Tell us about your top U.S. Supreme Court or federal appeals court victory over the past year and how you and your team achieved the win.
For 45 years since passage of the Clean Water Act, parties have not known whether to challenge CWA rules in federal district court or courts of appeals, so they filed in both then litigated over which had jurisdiction, wasting time and money. Statutory language suggests most cases go to district court; but the U.S. advocated for court of appeals jurisdiction and courts agreed. In National Association of Manufacturers v. U.S. Department of Defense the Court granted certiorari over U.S. opposition and unanimously agreed with our clients that their challenge to the “Waters of the United States Rule” belongs in district court, providing a clear litigation path. Our close analysis of statutory language, context, and structure produced a clear jurisdictional rule, replacing decades of costly confusion.
How did your firm approach appellate success over the past year?

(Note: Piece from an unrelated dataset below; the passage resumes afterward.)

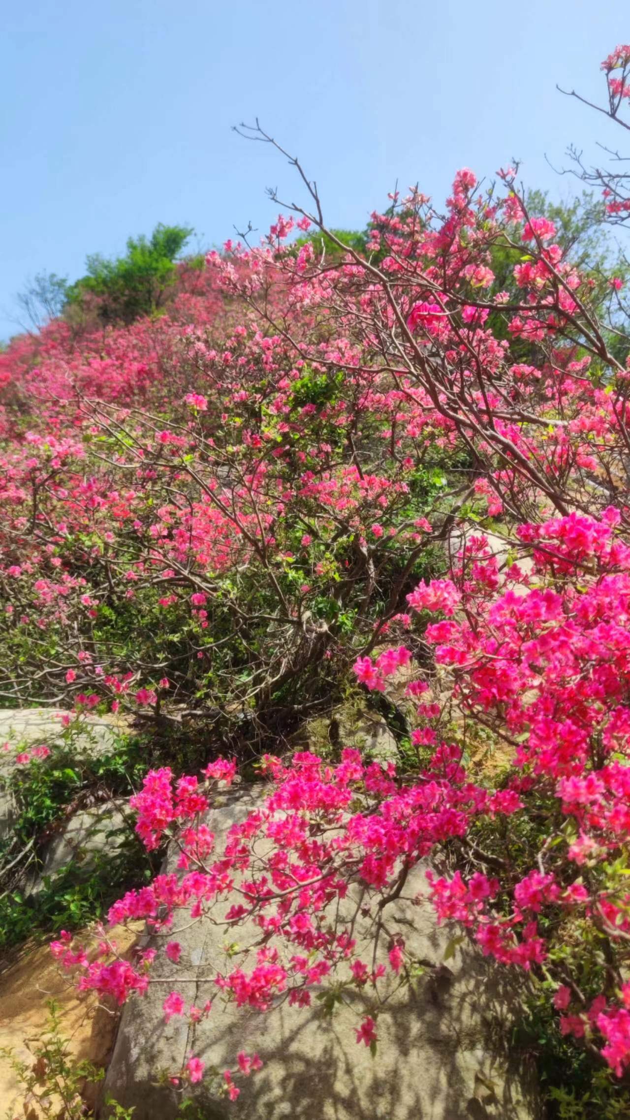每年四月山上的万亩杜鹃花和紫藤花绚丽绽放,让这里成了花的海洋,徒步穿行其中,心旷神怡,美不胜收!

Think ahead. In NAM we believed the Court had not resolved the jurisdictional issue because parties who file in both courts are “winners” whatever the outcome. We held NAM, one of 18 clients, out of the court of appeals filing, eliminating that barrier to certiorari.
What practice advice would you give to your younger self?
Carve out the time to research and draft a good brief, put it aside, then carve out more time to self-edit, focusing on readability and clarity. Constructing well-crafted briefs takes time and it is the basis for everything else you will do in practice.
Responses submitted by Timothy Bishop, a partner at Mayer Brown.